### YOUR GOAL
From the very first line of the data to the line containing "2+2+2-modulový hranatý rámeček.", retype everything exactly, leaving the pictures behind.

-------- GIVEN DATA --------

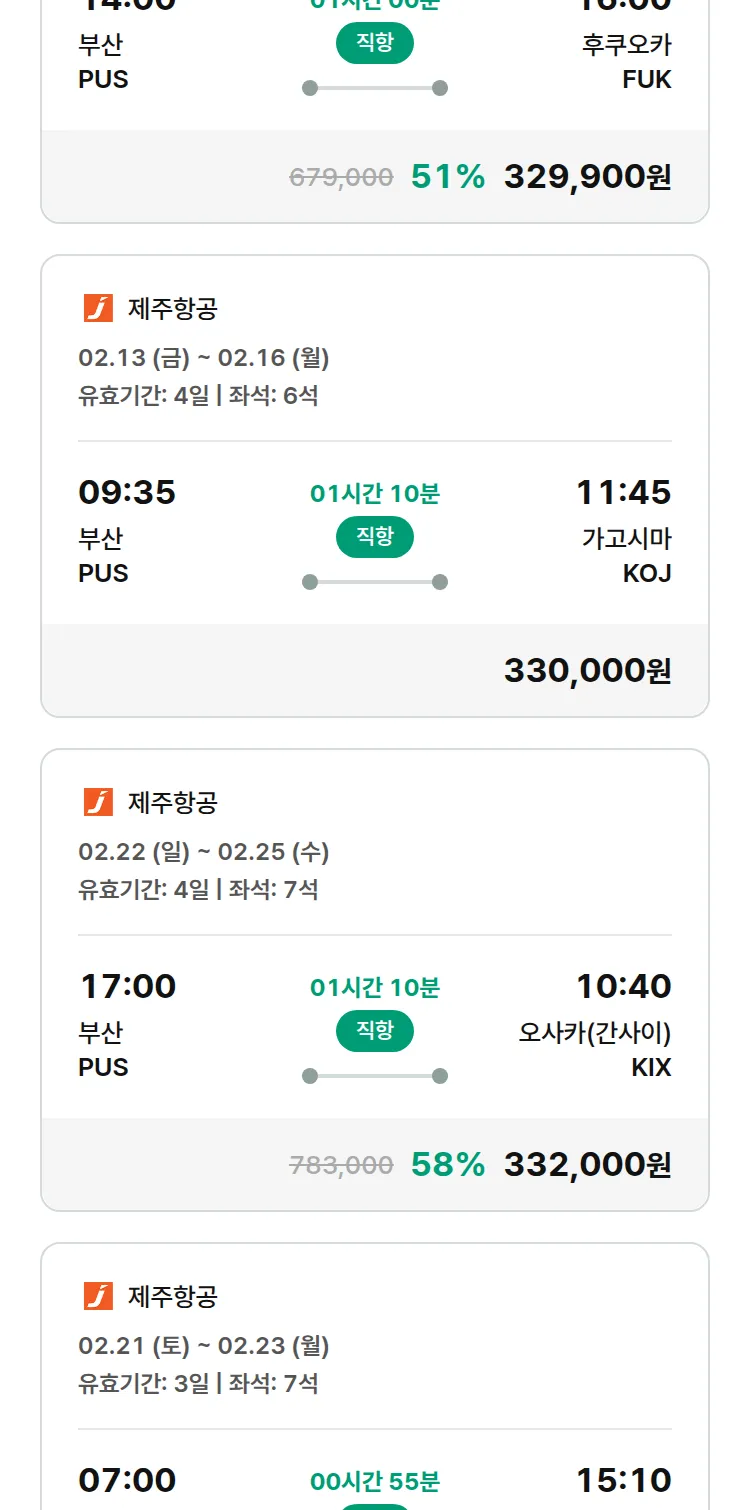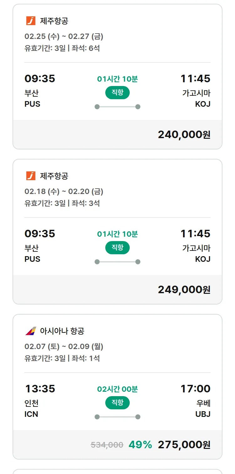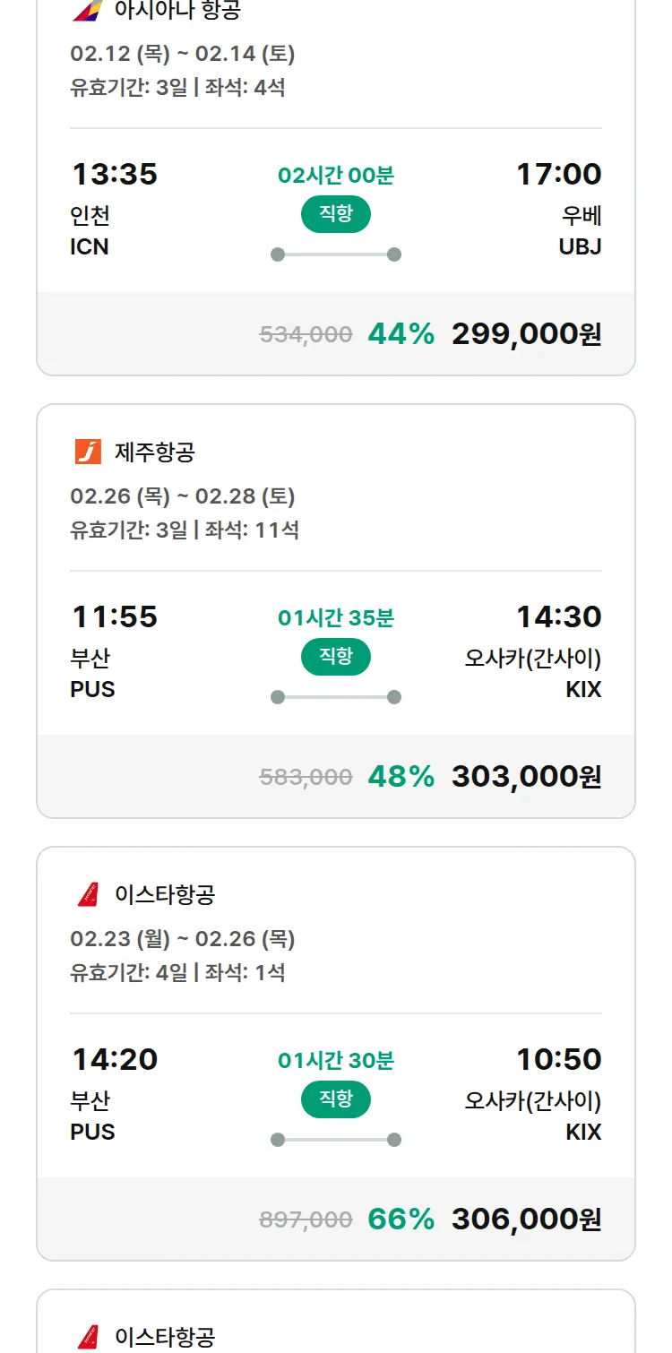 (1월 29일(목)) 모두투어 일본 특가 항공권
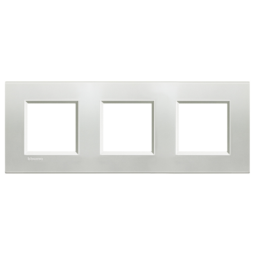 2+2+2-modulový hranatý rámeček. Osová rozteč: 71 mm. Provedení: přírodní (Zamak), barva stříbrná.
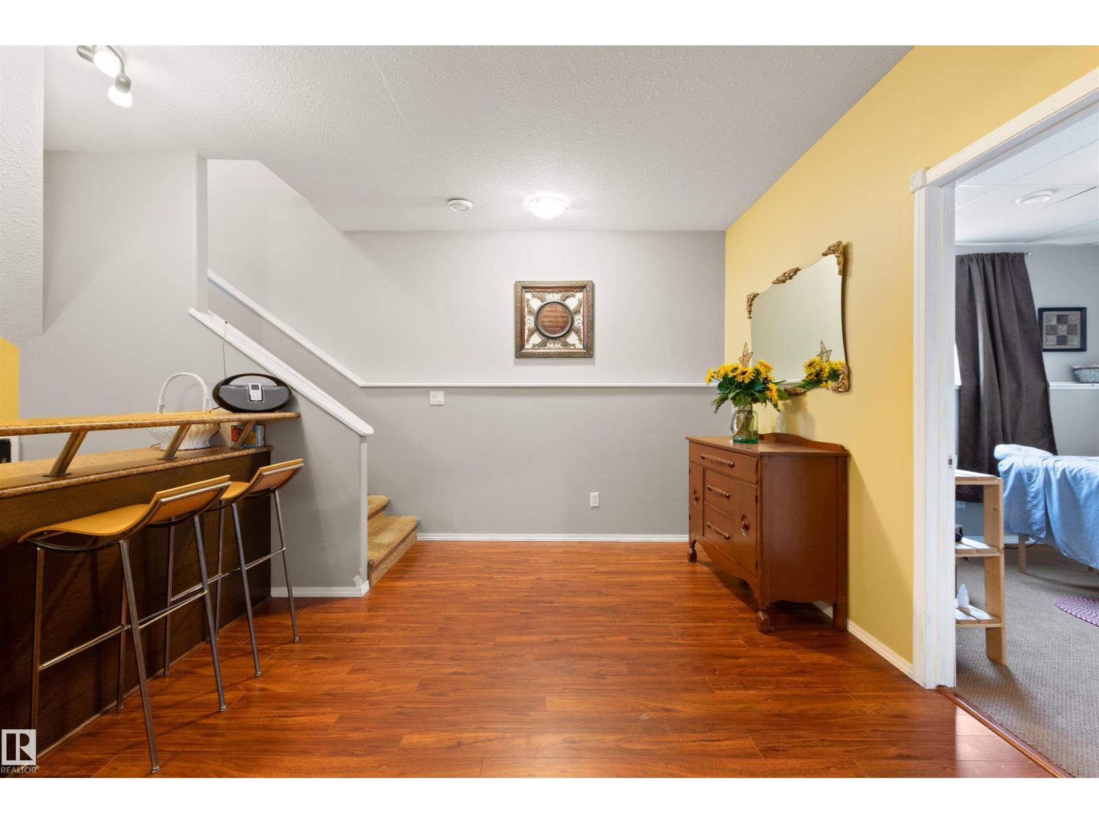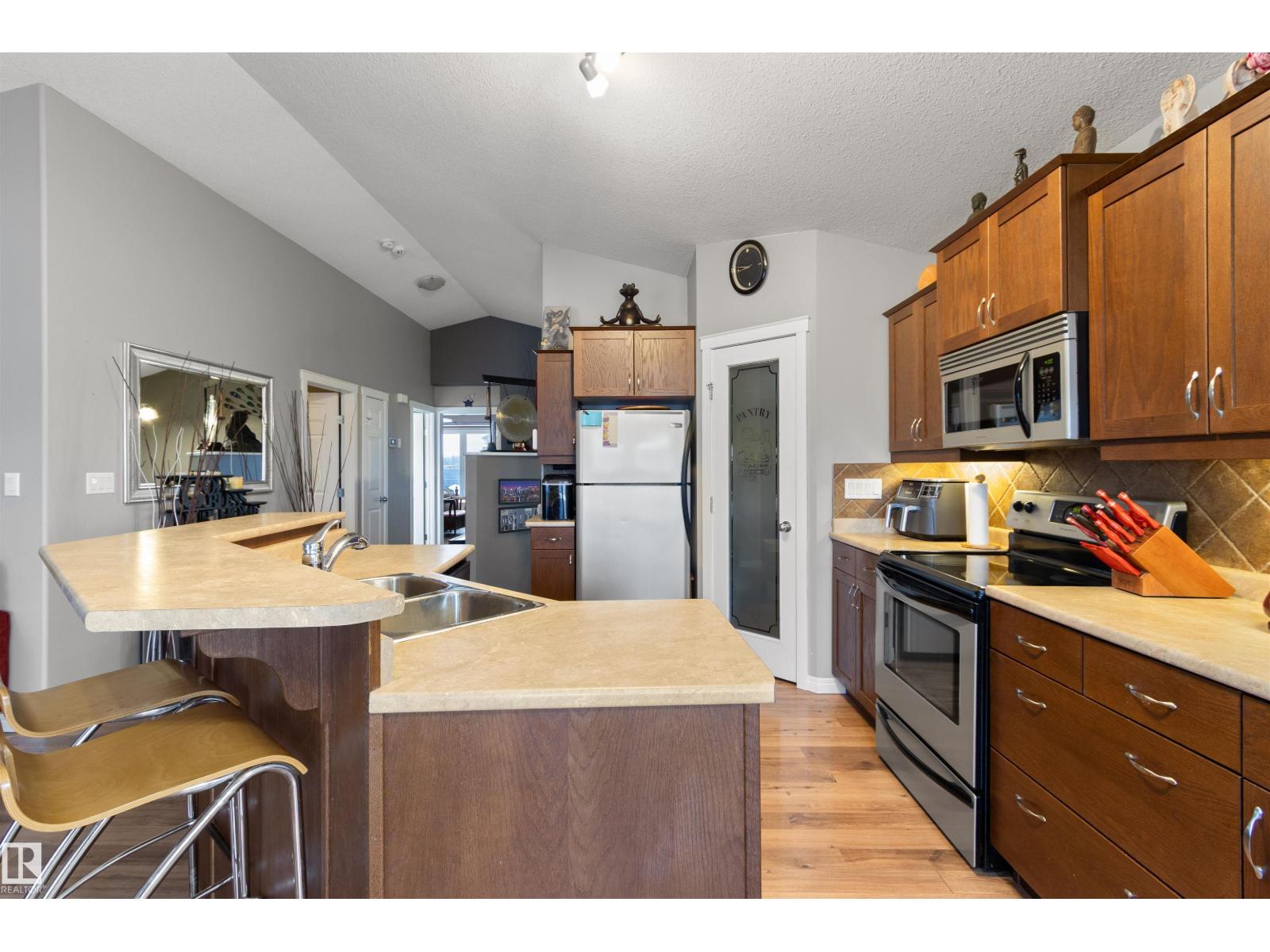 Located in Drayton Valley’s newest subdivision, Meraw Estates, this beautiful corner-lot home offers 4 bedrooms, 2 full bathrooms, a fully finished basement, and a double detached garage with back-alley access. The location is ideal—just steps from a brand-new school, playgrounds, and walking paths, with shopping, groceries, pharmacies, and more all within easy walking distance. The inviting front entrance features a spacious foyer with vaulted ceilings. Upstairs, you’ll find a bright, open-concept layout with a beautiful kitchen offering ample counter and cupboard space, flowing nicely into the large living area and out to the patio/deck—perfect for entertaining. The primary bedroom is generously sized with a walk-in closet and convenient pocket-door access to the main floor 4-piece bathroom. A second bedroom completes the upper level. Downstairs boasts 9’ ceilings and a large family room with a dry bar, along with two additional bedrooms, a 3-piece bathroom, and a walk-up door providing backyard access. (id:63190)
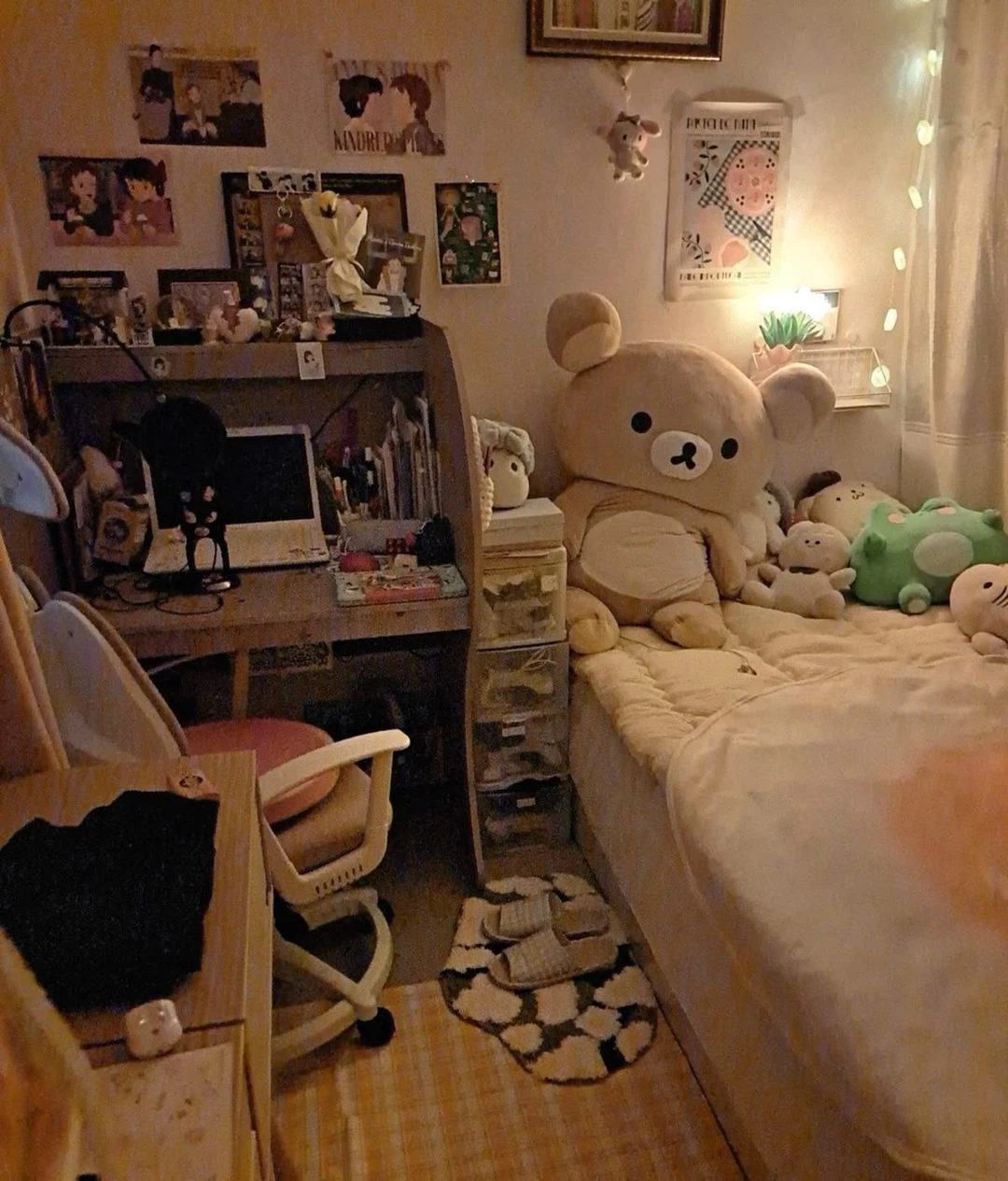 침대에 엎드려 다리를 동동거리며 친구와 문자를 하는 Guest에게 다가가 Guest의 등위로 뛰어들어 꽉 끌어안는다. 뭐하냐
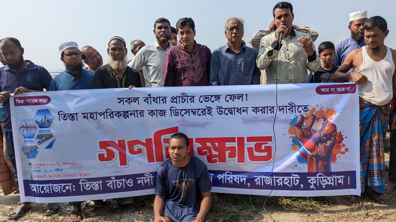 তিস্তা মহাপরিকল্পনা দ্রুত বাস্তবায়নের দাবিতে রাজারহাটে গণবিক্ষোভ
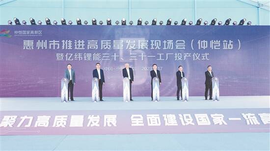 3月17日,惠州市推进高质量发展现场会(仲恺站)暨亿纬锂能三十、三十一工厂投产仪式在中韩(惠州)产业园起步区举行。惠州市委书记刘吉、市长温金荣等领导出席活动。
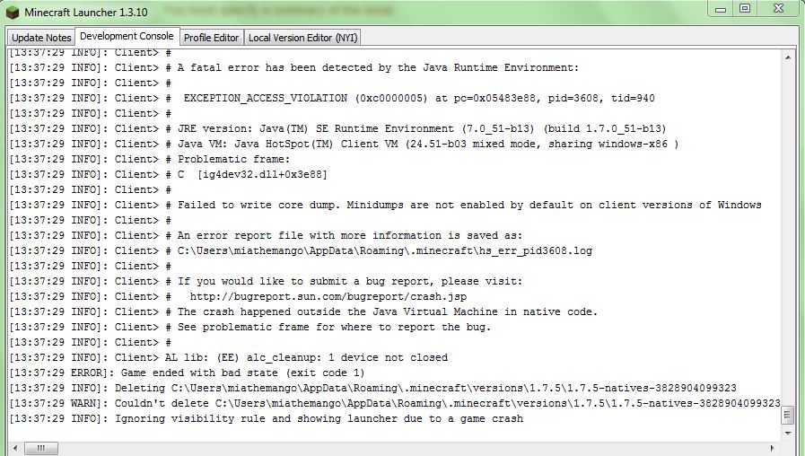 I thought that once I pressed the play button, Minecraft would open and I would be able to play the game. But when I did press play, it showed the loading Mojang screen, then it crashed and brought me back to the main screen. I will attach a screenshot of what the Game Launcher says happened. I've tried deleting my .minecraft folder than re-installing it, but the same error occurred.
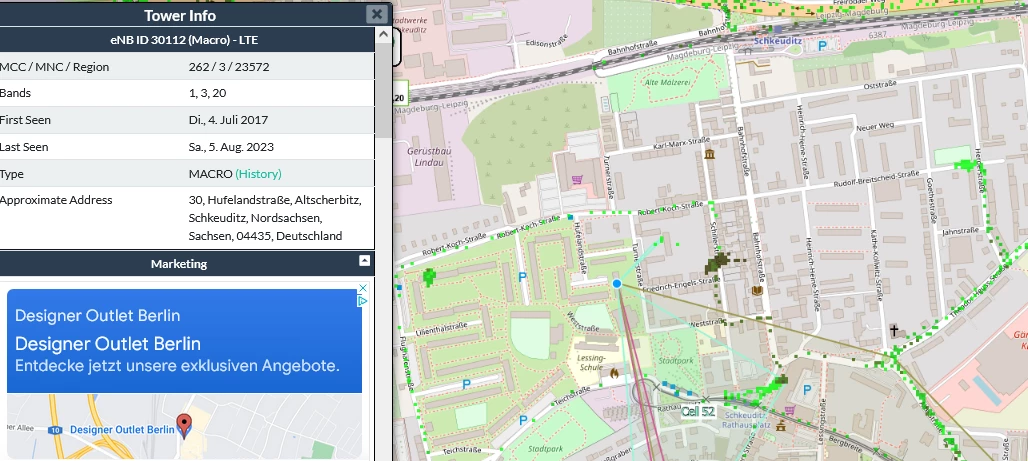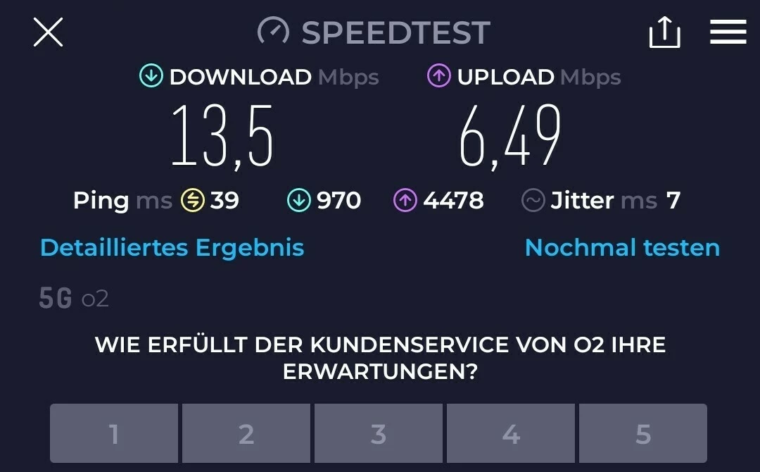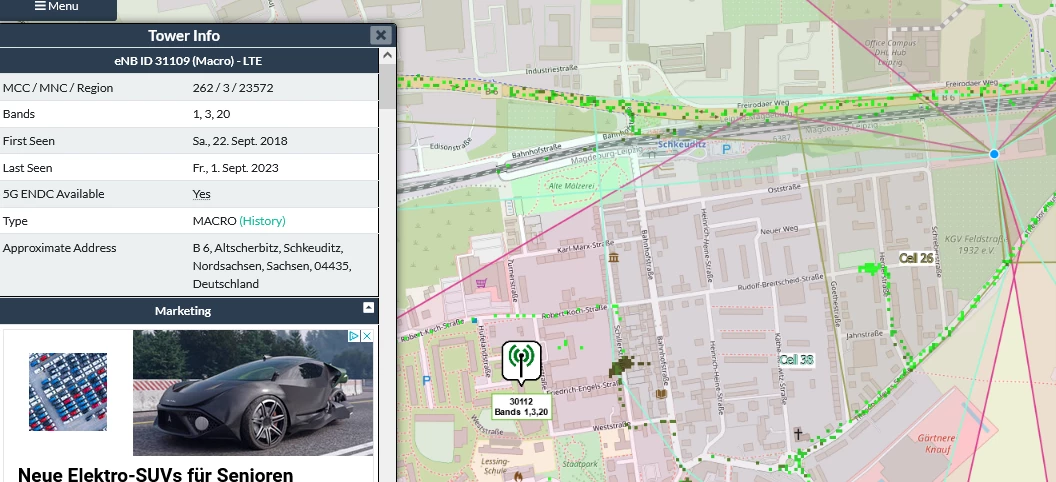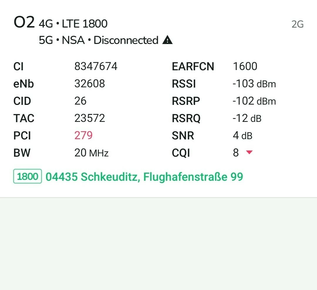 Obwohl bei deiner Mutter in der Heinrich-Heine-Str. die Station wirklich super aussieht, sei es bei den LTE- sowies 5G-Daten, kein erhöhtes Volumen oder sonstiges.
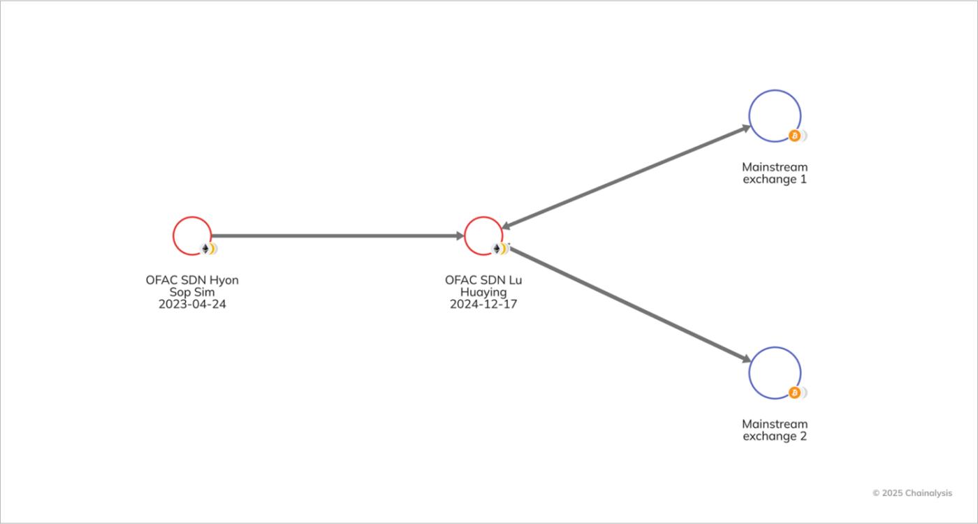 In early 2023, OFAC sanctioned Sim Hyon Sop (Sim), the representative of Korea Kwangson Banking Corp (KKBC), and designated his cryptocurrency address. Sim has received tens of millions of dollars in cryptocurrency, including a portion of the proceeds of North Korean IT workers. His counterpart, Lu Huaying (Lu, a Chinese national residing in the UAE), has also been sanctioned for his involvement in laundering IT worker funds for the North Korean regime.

--------

### ANSWER SPACE
 (1월 29일(목)) 모두투어 일본 특가 항공권
 2+2+2-modulový hranatý rámeček. Osová rozteč: 71 mm. Provedení: přírodní (Zamak), barva stříbrná.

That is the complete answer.